Sears Loses Marketing Execs

With the back-to-school season in full swing, amid a housing slump and facing prospects of tough holiday selling ahead, home retailer Sears Holdings has lost two high-level marketing executives.

Sears Holdings chief marketing officer Maureen McGuire is leaving her post for unspecified “personal reasons” at the end of the month, the company announced late Thursday. Sears Roebuck & Co. CMO Richard Gerstein will step in to the top marketing job for the whole company, including both the Sears and Kmart brands.

McGuire has served as CMO for Sears Holdings since 2005 and in that capacity hired new marketing leaders for Sears Roebuck, Sears home and Kmart—including Gerstein in July of 2007. Previously Gerstein was global chief marketing officer of Alberto-Culver Beauty.

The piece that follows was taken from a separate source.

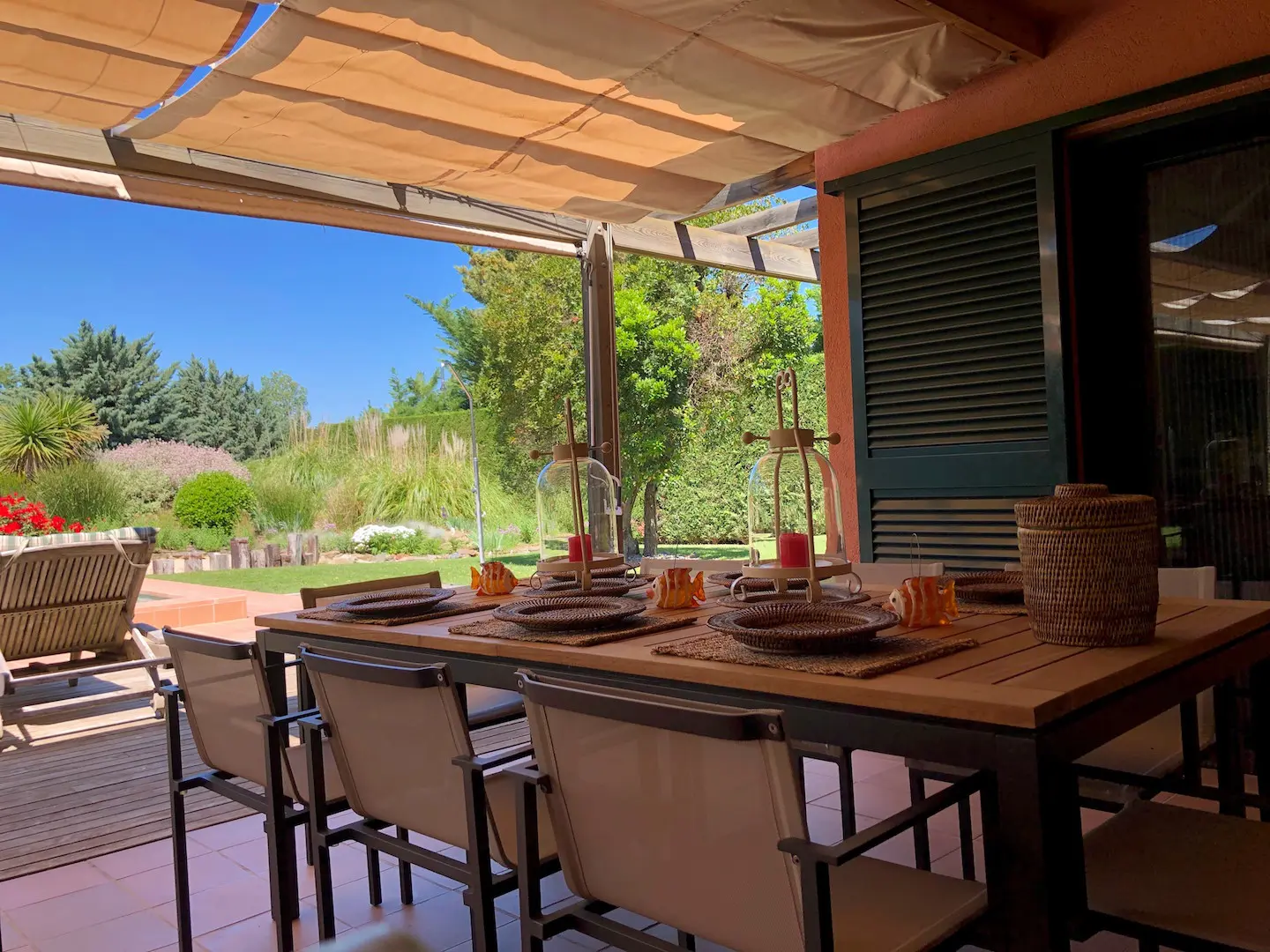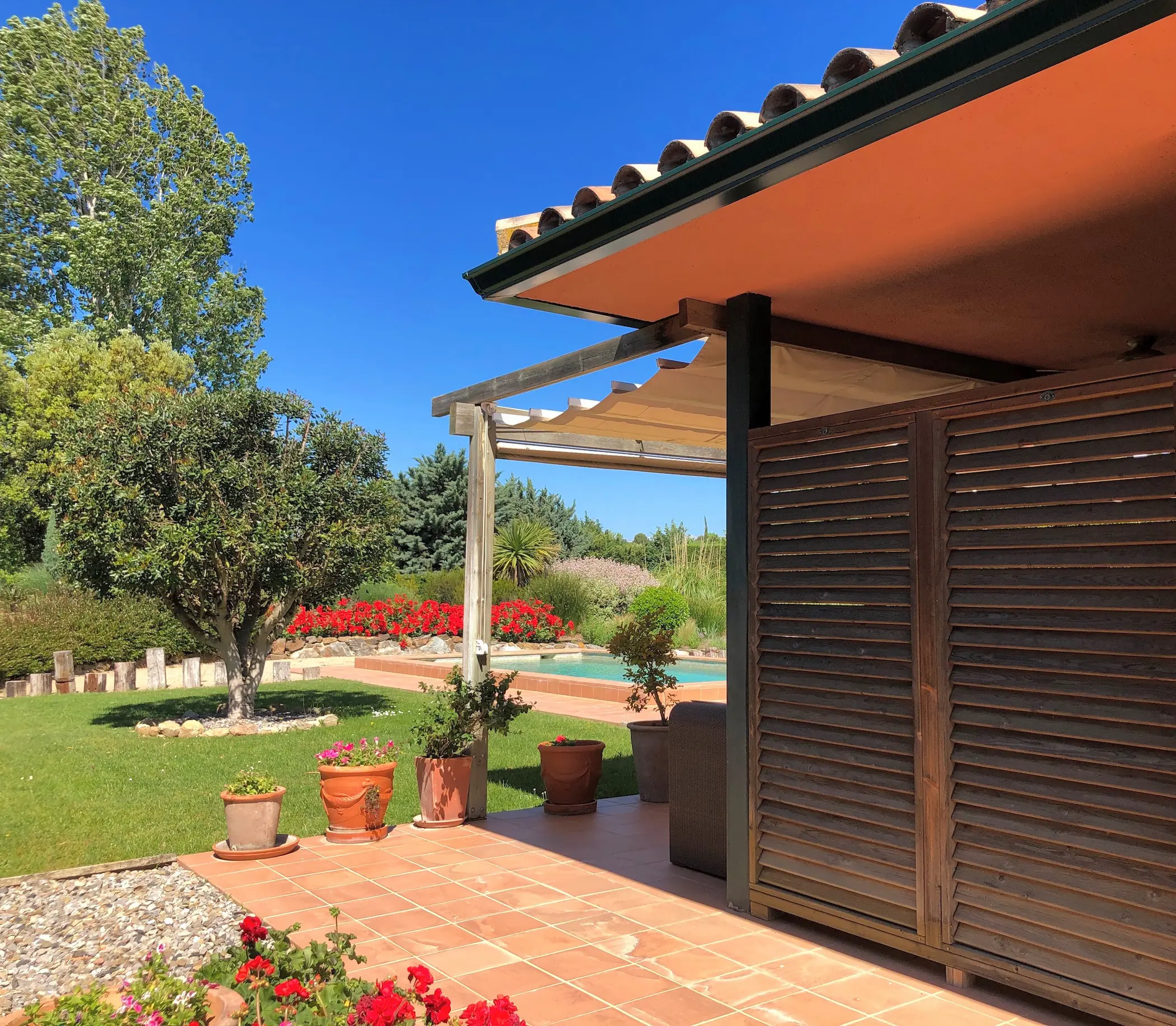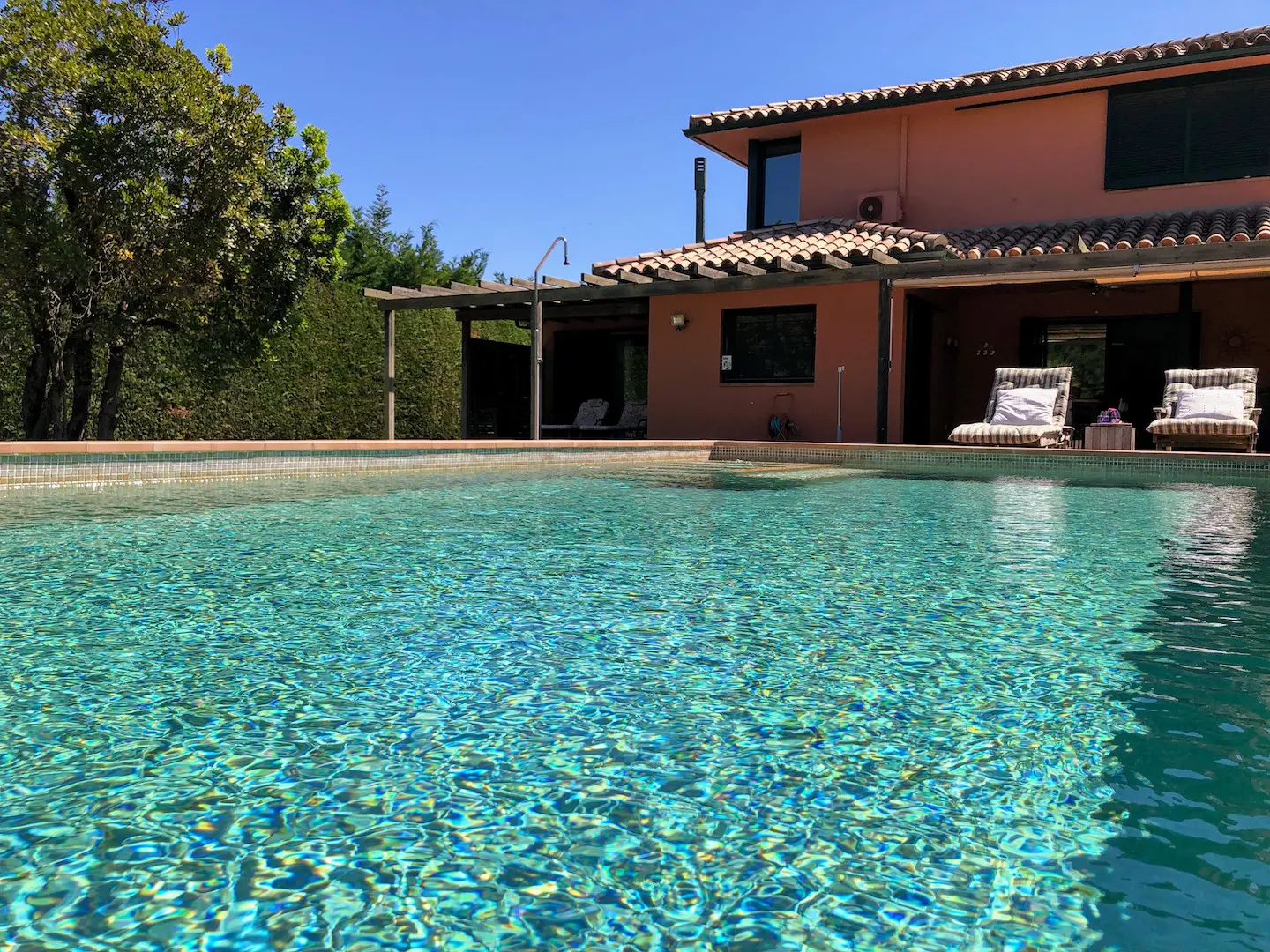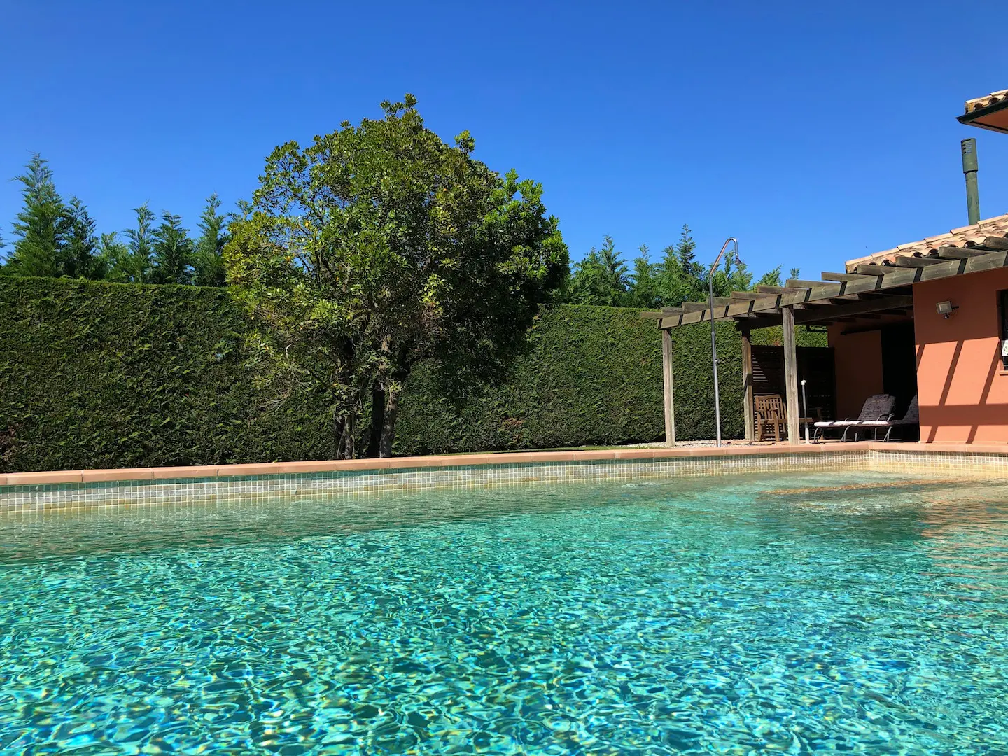 Het zwembad is luxe afgewerkt met ingebouwde trap, zitbank en zwembadverlichting. Eromheen liggen verschillende zonneterrassen en er is een buitendouche. Het overdekte terras kan verlengd worden met zonneschermen.

Meanwhile Mark Good departed Friday as president of Sears Home Services. The company announced Friday that it has appointed Stu Reed as the new president of the home services division, which sells parts and repairs for home appliances and manages home improvement and remodeling operations.

Reed comes to Sears from a post as president of mobile devices at Motorola, and before that as head of that company’s integrated supply division. No reasons were given for the departure of Good, who joined Sears in 1997 and led its home services business—one of the more successful of Sears’ divisions in recent quarters—since 1999.

Finally, Sears announced that former Procter & Gamble senior executive Guenther Trieb will take over as president of the company’s Kenmore, Craftsman and Diehard brands. Trieb was most recently vice president for P&G’s western European feminine care global business unit.

The additions of Reed and Trieb move Sears Holdings “another important step forward in the transformation of our business,” Sears interim president and CEO Bruce Johnson said in a statement.

At the direction of chairman Edward Lampert, Sears Holdings has spent much of this year reorganizing into five business units, including retail operations, support services, real estate, online business and brands. Lampert has also suggested that Sears may begin selling some of its core brands outside of its own retail outlets.

But the company has been struggling against inroads from other retailers in all categories, from apparel to home appliances. In May it reported its largest quarterly loss since Lampert merged Kmart and Sears in 2005. The company will release its second-quarter 2009 results on Thursday.

Sears has seen other executives depart in recent months. Lands’ End chief David McCreight moved to men’s sport apparel maker Under Armour in July, and Kmart chief marketing officer Bill Stewart left that division to work in public service.

Sears Holdings has also been unable to name a permanent CEO to replace Aylwin Lewis, who left that job in February after disagreements with chairman Lampert. Former Kmart executive Johnson has held the temporary post since that time.